Another four people were missing.
25 die in China bus accident
AFP, Beijing
Twenty-five people, mostly youth, died when a bus overturned in China's northwest Xinjiang region, state media said Wednesday.
Seventeen people died at the scene of Tuesday's accident, while eight others later succumbed to their injuries in an area hospital, Xinhua news agency reported.
The five remaining people on the bus were receiving medical treatment. The bus overturned on a remote mountain road leading to Artux city. Many of the passengers were high school students from Han Chinese families as well as the Kirgiz ethnic minority, Xinhua said.
US air force chief promises to raise nuclear standards
AFP, Washington
The US Air Force's new chiefs vowed Tuesday to restore "perfection" as the standard for the control of US nuclear forces, in the wake of a series of embarassing blunders that cost their predecessors their jobs.
"It is a mission where anything less than perfection is not acceptable. And that is the standard," said General Norton Schwartz, the air force chief of staff. "That certainly is the standard of the folks that brought that to us through the years, and we will return to that standard," he said at a news conference with Mike Donley, the new air force secretary.
US Defense Secretary Robert Gates sacked their predecessors in June after an investigation into the nuclear mishaps found an erosion in standards and a loss of focus in the air force's handling of nuclear weapons.
We're no friends of Israelis: Iran parliament speaker
AFP, Tehran
Iranian parliament speaker Ali Larijani said on Monday Iran is no friends of the Israelis, reacting to remarks to the contrary by an aide of President Mahmoud Ahmadinejad, the Fars news agency reported.
"We are not friends with the Israeli people and Iran has a logic which is what the (supreme) leader (Ayatollah Ali Khamenei) has said," Larijani was quoted as saying.
Esfandiar Rahim Mashaie, a deputy of Ahmadinejad, has insisted that Iran is "friends with the Israeli people."
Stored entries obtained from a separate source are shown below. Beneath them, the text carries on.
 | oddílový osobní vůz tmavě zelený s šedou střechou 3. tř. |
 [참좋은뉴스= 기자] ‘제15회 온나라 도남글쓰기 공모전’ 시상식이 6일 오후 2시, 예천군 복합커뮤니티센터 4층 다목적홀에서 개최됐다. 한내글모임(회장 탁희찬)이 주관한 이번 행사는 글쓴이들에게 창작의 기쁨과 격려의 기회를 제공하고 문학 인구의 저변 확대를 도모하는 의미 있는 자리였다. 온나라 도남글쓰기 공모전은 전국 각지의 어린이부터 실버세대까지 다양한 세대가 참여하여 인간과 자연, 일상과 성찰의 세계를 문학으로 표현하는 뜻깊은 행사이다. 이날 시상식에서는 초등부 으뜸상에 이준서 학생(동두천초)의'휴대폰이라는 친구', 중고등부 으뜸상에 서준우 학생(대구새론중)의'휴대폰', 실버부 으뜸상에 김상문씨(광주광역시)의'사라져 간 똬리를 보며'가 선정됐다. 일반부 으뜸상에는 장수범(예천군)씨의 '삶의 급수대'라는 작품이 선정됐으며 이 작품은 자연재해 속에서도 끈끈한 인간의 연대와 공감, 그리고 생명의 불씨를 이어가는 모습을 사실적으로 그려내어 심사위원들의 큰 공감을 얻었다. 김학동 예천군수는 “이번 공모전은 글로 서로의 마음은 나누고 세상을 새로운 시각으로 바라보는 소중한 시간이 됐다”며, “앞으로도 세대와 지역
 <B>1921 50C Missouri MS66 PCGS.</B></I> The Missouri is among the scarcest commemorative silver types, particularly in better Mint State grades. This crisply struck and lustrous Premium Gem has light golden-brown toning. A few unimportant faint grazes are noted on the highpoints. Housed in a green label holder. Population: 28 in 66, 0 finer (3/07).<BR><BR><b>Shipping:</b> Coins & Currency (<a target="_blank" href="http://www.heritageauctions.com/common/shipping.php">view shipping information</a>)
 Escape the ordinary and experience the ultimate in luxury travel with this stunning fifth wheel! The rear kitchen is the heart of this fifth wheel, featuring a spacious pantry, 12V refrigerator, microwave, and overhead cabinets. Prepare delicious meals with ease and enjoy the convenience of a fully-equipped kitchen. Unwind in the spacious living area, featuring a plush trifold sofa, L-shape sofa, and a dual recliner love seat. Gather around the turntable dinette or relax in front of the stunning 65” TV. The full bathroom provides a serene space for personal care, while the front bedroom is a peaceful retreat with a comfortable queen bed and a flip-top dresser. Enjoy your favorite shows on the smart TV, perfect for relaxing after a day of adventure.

Rahim Mashaie first made statements to this effect in July. More recent remarks reaffirming his position in unequivocal terms were printed in several local newspapers on Monday.
"I had said this before that we do not have any hostility against the Israeli people and I still say the same thing proudly," Rahim Mashaie was quoted as saying by Kargozaran newspaper.
Georgia, Russia agree to peace plan
AFP, Tbilisi
Georgia and Russia agreed Wednesday to a French-brokered peace plan after Moscow ordered a halt to its military onslaught, but there was scepticism whether the conflict is truly over.
"There is a text. It has been accepted in Moscow, it was accepted here in Georgia. I have the agreement of all the protagonists," French President Nicolas Sarkozy said at a news conference, flanked by his Georgian counterpart Mikheil Saakashvili. The six-point plan, which obliges the parties to halt fighting, will be reviewed by EU foreign ministers at a meeting in Brussels on Wednesday, according to Sarkozy. Saakashvili insisted the deal does not compromise Georgia's territorial integrity, and a contentious reference in the plan to negotiations on the "future status" of breakaway South Ossetia and Abkhazia was changed to discussion on how to ensure "security and stability" there instead.